Zwolnienia grupowe na Podkarpaciu
W styczniu pracodawcy z branż meblarskiej i lotniczej na terenie województwa podkarpackiego zgłosili 210 miejsc pracy, które mogą ulec redukcji, a w lutym kolejnych 20. Zagrożonych miejsc pracy jest więc 230, jednak faktyczna liczba osób, które może wylądować na bezrobociu może być mniejsza. To przez to, że pracodawcy zazwyczaj informują o maksymalnej liczbie redukcji. Dobitnie pokazuje to przykład z 2022 roku, gdzie na Podkarpaciu zgłoszono redukcję blisko 5 tysięcy miejsc pracy, a ostatecznie wypowiedzenia zostały wręczone niespełna 3 tysiącom osób.
ZOBACZ: Z narażeniem życia ratowali innych. 81 policjantów odebrało medale
Fatalny początek 2025 roku na Podkarpaciu? Niekoniecznie
230 miejsc pracy, które mogą ulec redukcji na terenie województwa podkarpackiego nie jest optymistyczną wiadomością, jednak w porównaniu z innymi regionami i wcześniejszymi latami nie są to najwyższe wartości. Dotychczas największe redukcje zatrudnienia na Podkarpaciu miały miejsce w 2020 roku – początek pandemii i 2022 – początek wojny w Ukrainie.

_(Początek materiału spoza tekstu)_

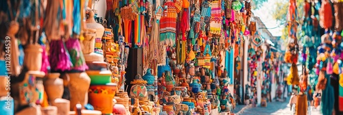 Vibrant Mexican Crafts in Oaxaca Market AI generated illustration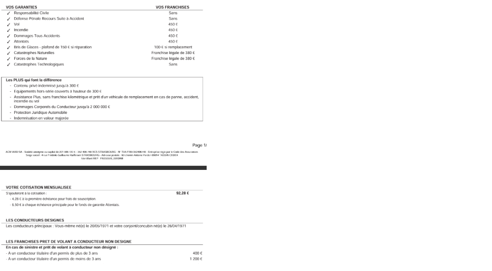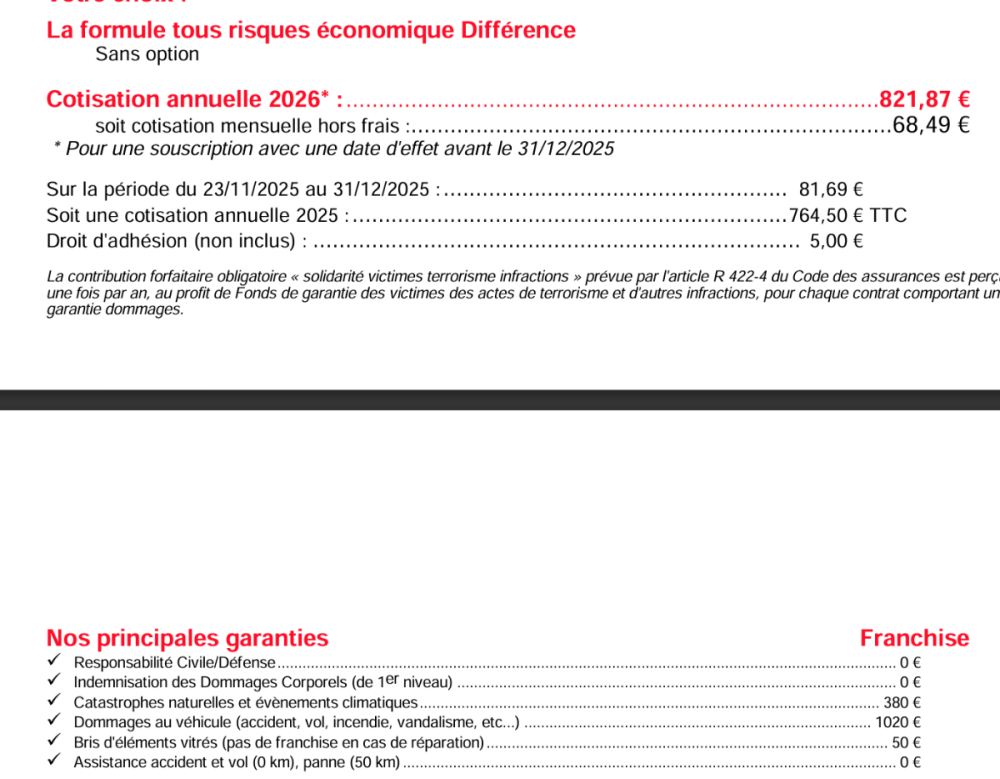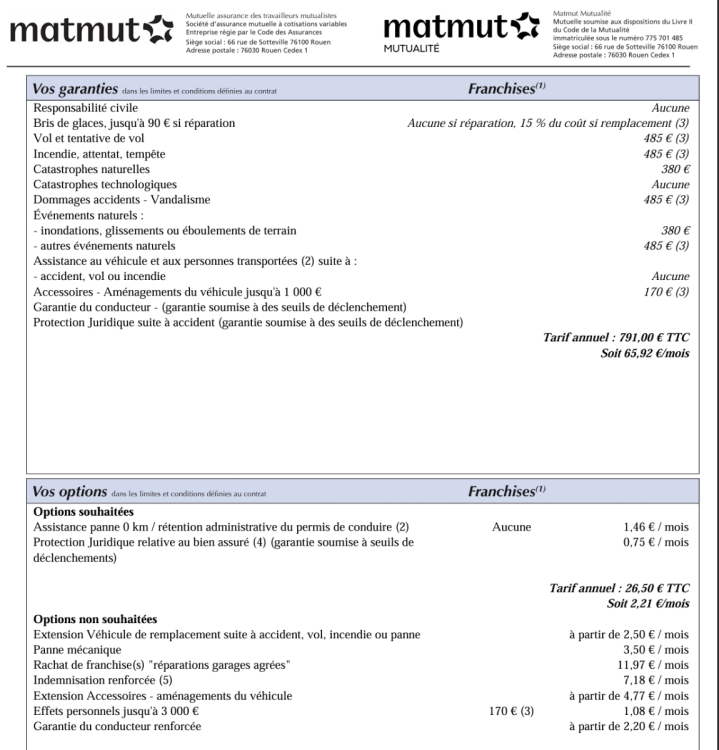 devis MAIF avec grosse franchise il faut ajouter 50 euros par an pour la protection conducteur qui est gere par le contrat PACS a prendre a cote avec une franchise 720 euros la prime est a 947 euros. Je vais prendre ca pour etre en dessous de 1000 euros en 2026 (+7.5% d'augmentation en 2026) ce qui est interessant avec la MAIF c'est la possibilite que ma fille la conduise avec une sur franchise de 220 euros ou bien la designation sur le contrat pour 120 euros par an. Ca c'est interessant car c'est pour tous les contrats. On va donc prendre la MAIF et mettre le vehicule de ma femme aussi. On paiera donc 120 euros une fois pour designer notre fille sur les deux contrats et 50 euros PACS une fois egalement. Tres complique le bonus. Chez MAIF si 4 ans a 50% sans dommage responsable = un joker. Si accident responsable: utilisation du joker et le bonus reste a 50%. au final MATMUT tres interessant si pas d'enfant -

W tych latach planowano zwolnić po kilka tysięcy osób.
Krzysztof Powrózek, kierownik Wydziału ds. Promocji i Komunikacji Społecznej, WUP w Rzeszowie podkreśla, że liczba osób, które objęły zwolnienia grupowe na terenie Podkarpacia w porównaniu z innymi regionami jest niewielka.
Koniec i początek roku, aż do wiosny to w zasadzie gorszy okres i pojawiają się wyższe statystyki odnośnie osób bezrobotnych. Jesienią kończą się prace sezonowe, a w okresie jesienno-zimowych zapotrzebowania na prace jest niższe – mówi nam Krzysztof Powrózek.
Odbicia spodziewa się jednak na wiosnę. - Ruszą prace rolne i wiele osób znajdzie zatrudnienie w branży budowlanej – ocenia.
Słabszy początek roku i wzrost zatrudnienia na wiosnę to zjawisko, które jest obserwowane na terenie województwa podkarpackiego od kilkunastu lat.